■ **The task**:
Look through the material below. Return exactly the lines from the one with "Thành tích đối đầu của Fulham vs Bournemouth" through the one with "Il reste une", both included.

■ **Provided entries**:
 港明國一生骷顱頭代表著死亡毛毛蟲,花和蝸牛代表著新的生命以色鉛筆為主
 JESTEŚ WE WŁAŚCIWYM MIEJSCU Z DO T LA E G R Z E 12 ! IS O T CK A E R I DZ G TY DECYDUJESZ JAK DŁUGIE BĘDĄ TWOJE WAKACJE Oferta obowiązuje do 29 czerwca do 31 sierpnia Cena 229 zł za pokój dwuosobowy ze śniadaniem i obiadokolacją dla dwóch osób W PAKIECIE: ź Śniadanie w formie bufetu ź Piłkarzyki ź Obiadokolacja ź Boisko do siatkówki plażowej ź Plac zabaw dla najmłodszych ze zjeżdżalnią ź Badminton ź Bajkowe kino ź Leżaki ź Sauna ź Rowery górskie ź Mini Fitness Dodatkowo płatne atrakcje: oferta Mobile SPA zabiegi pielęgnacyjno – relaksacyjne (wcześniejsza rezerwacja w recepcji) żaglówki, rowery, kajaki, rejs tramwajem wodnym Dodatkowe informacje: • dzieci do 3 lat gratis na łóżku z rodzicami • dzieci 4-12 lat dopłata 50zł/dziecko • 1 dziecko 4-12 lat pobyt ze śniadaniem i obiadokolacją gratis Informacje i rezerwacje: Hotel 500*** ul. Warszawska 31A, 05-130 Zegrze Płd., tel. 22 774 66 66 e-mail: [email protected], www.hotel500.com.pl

---

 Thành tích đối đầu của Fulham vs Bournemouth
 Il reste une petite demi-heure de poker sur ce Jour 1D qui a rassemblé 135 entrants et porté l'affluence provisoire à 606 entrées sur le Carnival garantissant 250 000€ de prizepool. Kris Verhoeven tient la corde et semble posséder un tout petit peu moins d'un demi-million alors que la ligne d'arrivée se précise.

* * *

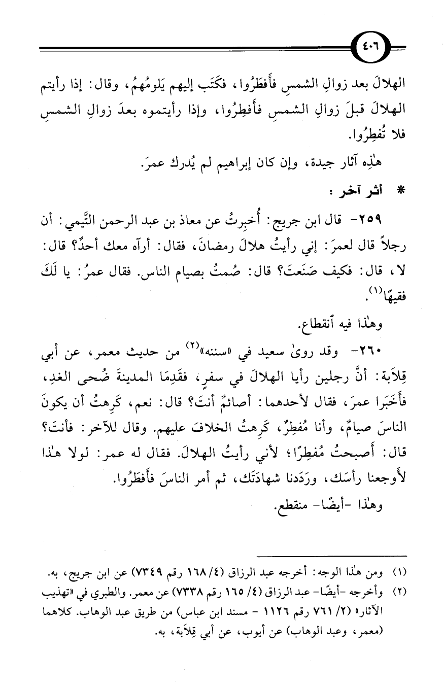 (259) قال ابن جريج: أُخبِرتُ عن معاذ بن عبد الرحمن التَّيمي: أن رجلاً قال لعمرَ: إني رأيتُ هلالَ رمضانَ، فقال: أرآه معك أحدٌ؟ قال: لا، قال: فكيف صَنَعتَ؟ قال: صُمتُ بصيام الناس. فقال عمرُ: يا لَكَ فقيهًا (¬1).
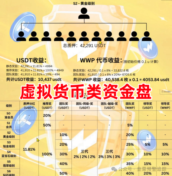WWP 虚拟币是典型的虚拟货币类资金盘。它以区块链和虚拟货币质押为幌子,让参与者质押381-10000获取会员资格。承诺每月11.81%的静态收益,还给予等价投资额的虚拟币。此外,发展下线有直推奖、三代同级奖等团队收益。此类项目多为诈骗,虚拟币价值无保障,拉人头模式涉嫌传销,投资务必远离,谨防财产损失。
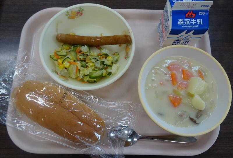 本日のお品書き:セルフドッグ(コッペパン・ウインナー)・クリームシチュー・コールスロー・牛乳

■ **Expected answer**:
 Thành tích đối đầu của Fulham vs Bournemouth
 Il reste une petite demi-heure de poker sur ce Jour 1D qui a rassemblé 135 entrants et porté l'affluence provisoire à 606 entrées sur le Carnival garantissant 250 000€ de prizepool. Kris Verhoeven tient la corde et semble posséder un tout petit peu moins d'un demi-million alors que la ligne d'arrivée se précise.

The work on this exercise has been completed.